- _DATA SECTION_:
# # # # #

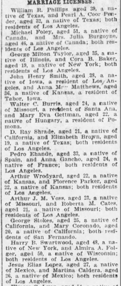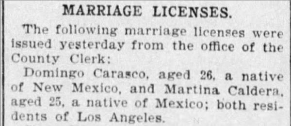 Domingo Carasco were married on March 18, 1900 in Los Angeles, California, USA. She and
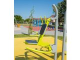 Der Sitz und die Rückenlehne bestehen aus aluminium, der mit einem HDPE beschichtet ist (Hochdruck-, vollfarbiges Polyethylen, das sich durch hohe Farbstabilität, UV-Beständigkeit auszeichnet). Die Griffe bestehen aus pulverbeschichteten Stahlrohren. Die Tragsäule besteht aus einem Stahlrohr mit einem Befestigungsflansch am Boden. Sitzrahmen und Lauffläche bestehen aus pulverbeschichtetem Blech. Wälzlager werden für bewegliche Verbindungen eingesetzt. Die Löcher sind an den Enden mit Stahlelementen verschlossen. Alle Befestigungen sind rostfrei.
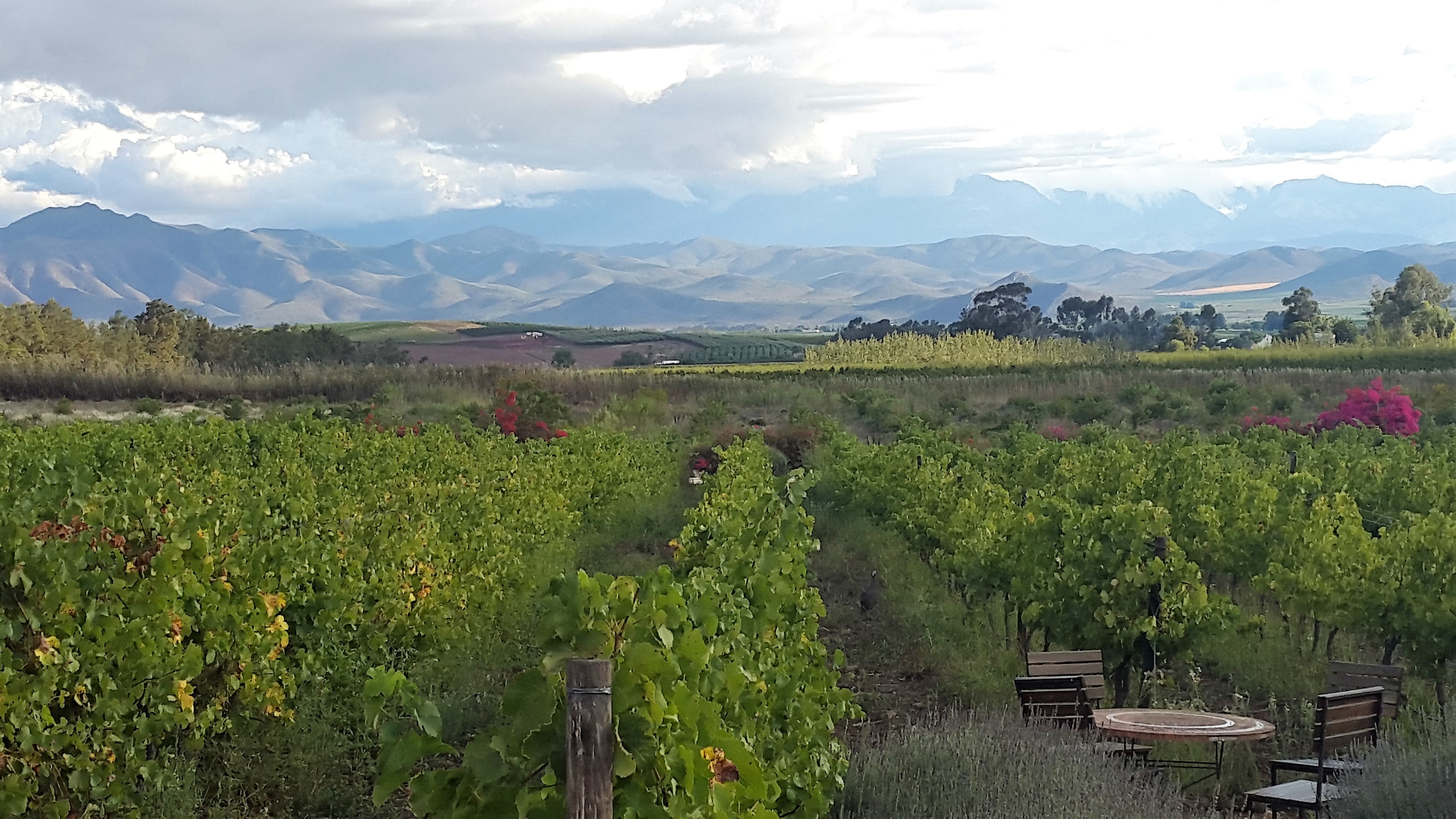 Oudtshoorn, som vi bodde utanför en natt, är även centrum för landets strutsfarmande. Och mycket riktigt, stället vi bodde på, Mooiplaas Guesthouse, hade sina egna strutsar och ägarfamiljen hade till och med en hel farm i närheten där vi hängde med på en guidad rundtur och fick lära oss allt om dessa djur och de produkter de ger. Vi gasade sen vidare längs Väg 62, oftast med berg i fonden, och ibland fick vi passera igenom dem längs vindlande passager. Ju längre västerut vi kom, desto tätare låg vinodlingarna längs bergssluttningarna. Det är dock inte så vanligt att vingårdarna erbjuder natthärbärge, men vi hade iallafall hittat en där vi kunde bo: en ”boutique-gård” med det poetiska namnet Fraai Uitzicht – ”vacker utsikt” på afrikaans/holländska. Och namnet stämde ju, utsikten var otroligt vacker åt alla håll och kanter, men stället som sådant blev en liten besvikelse med tanke på att vi betalat en smärre förmögenhet för att bo där.
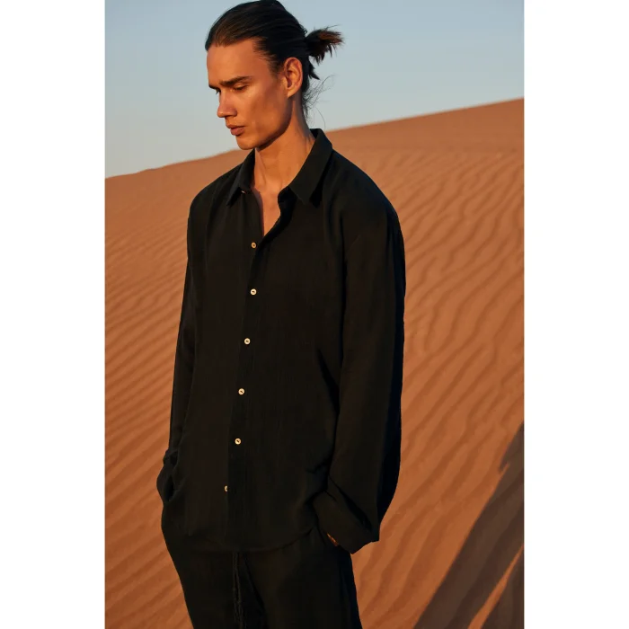 Shirt: -Relaxed fit, -Made of 100%Cotton muslin, -Spread collar, -Button fastening, -Buttoned cuffs, -Back center pleated, -Quick-drying, -Does not require ironing \ Pant: -Relaxed fit, -Made of 100%Cotton muslin, -Spread collar, -Button fastening, -Buttoned cuffs, -Back center pleated, -Quick-drying, -Does not require ironing

# # # # #

- _EXERCISE OBJECTIVE_: Every line of the material must be repeated exactly; pictures stay out.

- _TASK ANSWER_:
 Domingo Carasco were married on March 18, 1900 in Los Angeles, California, USA. She and
 Der Sitz und die Rückenlehne bestehen aus aluminium, der mit einem HDPE beschichtet ist (Hochdruck-, vollfarbiges Polyethylen, das sich durch hohe Farbstabilität, UV-Beständigkeit auszeichnet). Die Griffe bestehen aus pulverbeschichteten Stahlrohren. Die Tragsäule besteht aus einem Stahlrohr mit einem Befestigungsflansch am Boden. Sitzrahmen und Lauffläche bestehen aus pulverbeschichtetem Blech. Wälzlager werden für bewegliche Verbindungen eingesetzt. Die Löcher sind an den Enden mit Stahlelementen verschlossen. Alle Befestigungen sind rostfrei.
 Oudtshoorn, som vi bodde utanför en natt, är även centrum för landets strutsfarmande. Och mycket riktigt, stället vi bodde på, Mooiplaas Guesthouse, hade sina egna strutsar och ägarfamiljen hade till och med en hel farm i närheten där vi hängde med på en guidad rundtur och fick lära oss allt om dessa djur och de produkter de ger. Vi gasade sen vidare längs Väg 62, oftast med berg i fonden, och ibland fick vi passera igenom dem längs vindlande passager. Ju längre västerut vi kom, desto tätare låg vinodlingarna längs bergssluttningarna. Det är dock inte så vanligt att vingårdarna erbjuder natthärbärge, men vi hade iallafall hittat en där vi kunde bo: en ”boutique-gård” med det poetiska namnet Fraai Uitzicht – ”vacker utsikt” på afrikaans/holländska. Och namnet stämde ju, utsikten var otroligt vacker åt alla håll och kanter, men stället som sådant blev en liten besvikelse med tanke på att vi betalat en smärre förmögenhet för att bo där.
 Shirt: -Relaxed fit, -Made of 100%Cotton muslin, -Spread collar, -Button fastening, -Buttoned cuffs, -Back center pleated, -Quick-drying, -Does not require ironing \ Pant: -Relaxed fit, -Made of 100%Cotton muslin, -Spread collar, -Button fastening, -Buttoned cuffs, -Back center pleated, -Quick-drying, -Does not require ironing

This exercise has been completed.